Vitalina Varela (2019)

I did not truly understand director Pedro Costa’s last film Horse Money but it did seem to have some interesting things to say. This one is puzzling in many ways as well but I felt that I more or less understood its themes. Unfortunately I also felt that it oversells itself by being so focused with its visuals that almost nothing else matters. This is a film that truly tries to aspire to being a painting in every frame, but shows its hand so much in doing so that we are reminded over and over again that none of this is real.

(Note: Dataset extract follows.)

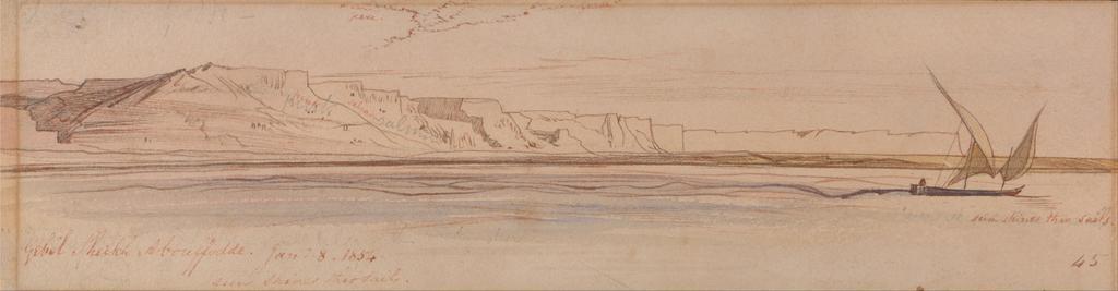 | Keywords: Edward Lear - Gebel Sheikh Abu Fodde - Google Art Project.jpg  inscribed in red brown ink lower left Gebel Sheikh Aboussodde Jany 8 1854 sun shines thru sail ; in brown red ink lower right 45 ; Verso inscribed in brown ink center 9 next below uppermost Not on View Watercolor with pen in brown ink over graphite on moderately thick moderately textured beige wove paper sky water river riverbank sails landscape boat special url_id eQFlXVyyA4Qm7w PD-old-100-1923 1888 Egypt by Edward Lear Nile in art Google Art Project works by Edward Lear 1854 in Egypt Egyptian feluccas in art |

The film’s title is the name of a woman who travels to Portugal from her native Cape Verde. But this is a belated, long overdue voyage as her husband who she has been waiting for decades to reunite with is dead. All that is left for her is to pick her way through the shanty that he lived in to understand the life that he lived without her. It is an exploration full of recriminations and regrets as she bemoans the dilapidated condition of the house and compares it to what they had in Cape Verde and accuses him of becoming lazy and unfaithful in Portugal. She also meets the priest who ministers to the community and who was the one who buried her husband. He himself seems sick and decrepit with age, complaining that no one comes to pray any longer. She meets others who were presumably friends and colleagues of her husband and all were equally full of misery for their life in Portugal.

Sparse is it is in terms of narrative detail, it is almost necessary to know the director’s background and previous body of work to realize that it is once again about the miserable lives led by the people of Cape Verde who moved to Portugal. Many of his films, it seems, including this one, are set in the same impoverished neighborhood of Fontainhas outside of Lisbon. This one adds an interesting angle to the familiar lamentations of the poor by contrasting how appealing life was in Cape Verde. Vitalina acknowledges that they were poor there as well and claims a wholesomeness and satisfaction to life that is absent in Portugal. This is not altogether convincing as we never see any scenes in Cape Verde and this is a film that is completely immersed in the gloomiest depths of misery. One also wonders why so many of these moved to Portugal in search of a better if that were true. Nevertheless I interpret this not as a documentary but a highly subjective personal account of such an immigrant’s lived experience. There is artistic merit in such an approach but even here I don’t think it succeeds.

The difficulty is that the film is obsessed about composing each shot for maximum artistry to a ridiculous extent. The camera positively lingers on the pores of Vitalina’s face. When she monologues, it looks like she is being instructed to move her mouth as little as possible so as not to ruin the composition of the shot. The knobs and dimples on the rough walls of her shack are magnified into a veritable landscape. Powerful spotlights are brought into nearly scene to create a world of sharp edges and harsh contrasts. In many shots, you can clearly tell that the director is actively trying to achieve the effect of it looking like a painting. While the aesthetic appeal is undeniable, the result is distracting and extremely unrealistic. The shots look like studio photography with nothing natural about them at all. It’s impossible to believe that these are real places and real people as the constructed artifice of the film is always front and center. The art does not serve the theme or the narrative at all. It is the photography itself that takes primacy.

Pedro Costa is a highly regarded director in art film circles but I’m beginning to think that his work just isn’t the right fit for me. By disdaining from treating the characters as if they were real people, rather than abstractions, it seems unlikely to appeal on an emotional level and I dislike how empty this is of surrounding context and narrative detail.